- Recorded data
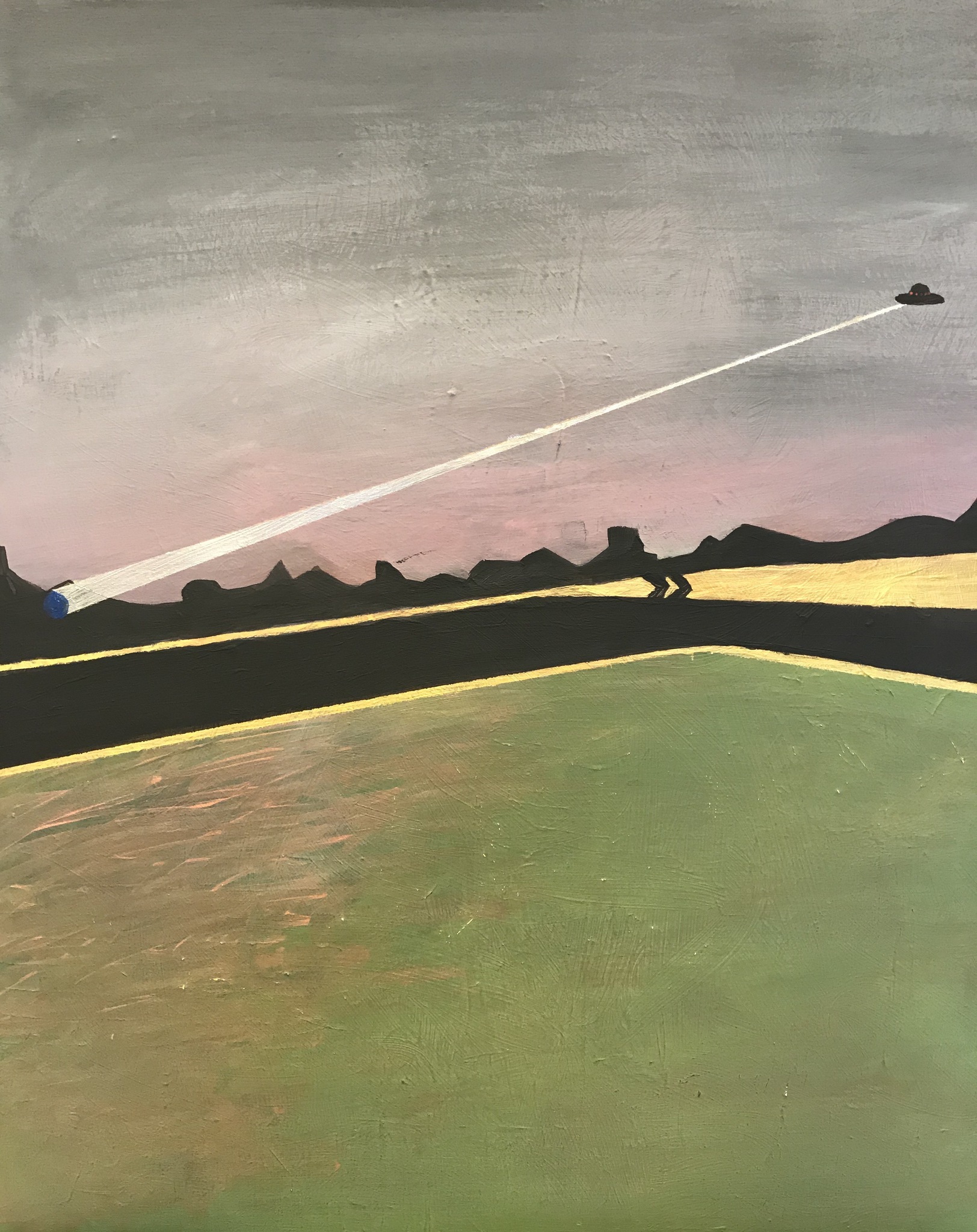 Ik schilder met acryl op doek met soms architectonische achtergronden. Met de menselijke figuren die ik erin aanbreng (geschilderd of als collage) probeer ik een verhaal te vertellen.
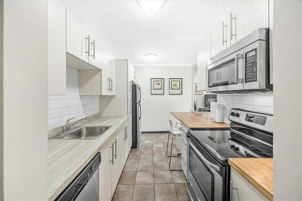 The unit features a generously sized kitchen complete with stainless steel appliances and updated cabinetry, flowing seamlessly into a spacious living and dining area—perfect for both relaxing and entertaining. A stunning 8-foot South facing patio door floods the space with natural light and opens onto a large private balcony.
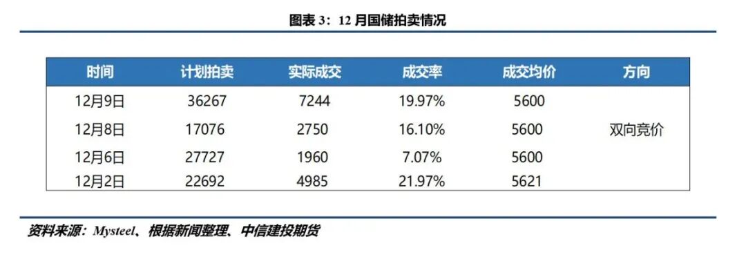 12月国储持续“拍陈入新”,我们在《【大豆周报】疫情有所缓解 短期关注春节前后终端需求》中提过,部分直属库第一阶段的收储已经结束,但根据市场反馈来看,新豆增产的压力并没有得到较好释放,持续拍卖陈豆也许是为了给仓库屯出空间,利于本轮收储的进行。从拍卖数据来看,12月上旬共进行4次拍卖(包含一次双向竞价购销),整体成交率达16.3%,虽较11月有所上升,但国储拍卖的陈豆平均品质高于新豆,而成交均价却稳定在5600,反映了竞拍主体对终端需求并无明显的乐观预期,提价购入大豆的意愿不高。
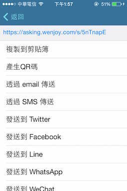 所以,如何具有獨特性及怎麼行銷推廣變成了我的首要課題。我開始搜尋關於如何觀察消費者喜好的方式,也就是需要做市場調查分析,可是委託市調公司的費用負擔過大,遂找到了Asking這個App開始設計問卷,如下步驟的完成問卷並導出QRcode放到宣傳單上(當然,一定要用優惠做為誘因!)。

- Problem to work on
The answer is the listing above restated word for word, pictures removed.

- Problem solution
 Ik schilder met acryl op doek met soms architectonische achtergronden. Met de menselijke figuren die ik erin aanbreng (geschilderd of als collage) probeer ik een verhaal te vertellen.
 The unit features a generously sized kitchen complete with stainless steel appliances and updated cabinetry, flowing seamlessly into a spacious living and dining area—perfect for both relaxing and entertaining. A stunning 8-foot South facing patio door floods the space with natural light and opens onto a large private balcony.
 12月国储持续“拍陈入新”,我们在《【大豆周报】疫情有所缓解 短期关注春节前后终端需求》中提过,部分直属库第一阶段的收储已经结束,但根据市场反馈来看,新豆增产的压力并没有得到较好释放,持续拍卖陈豆也许是为了给仓库屯出空间,利于本轮收储的进行。从拍卖数据来看,12月上旬共进行4次拍卖(包含一次双向竞价购销),整体成交率达16.3%,虽较11月有所上升,但国储拍卖的陈豆平均品质高于新豆,而成交均价却稳定在5600,反映了竞拍主体对终端需求并无明显的乐观预期,提价购入大豆的意愿不高。
 所以,如何具有獨特性及怎麼行銷推廣變成了我的首要課題。我開始搜尋關於如何觀察消費者喜好的方式,也就是需要做市場調查分析,可是委託市調公司的費用負擔過大,遂找到了Asking這個App開始設計問卷,如下步驟的完成問卷並導出QRcode放到宣傳單上(當然,一定要用優惠做為誘因!)。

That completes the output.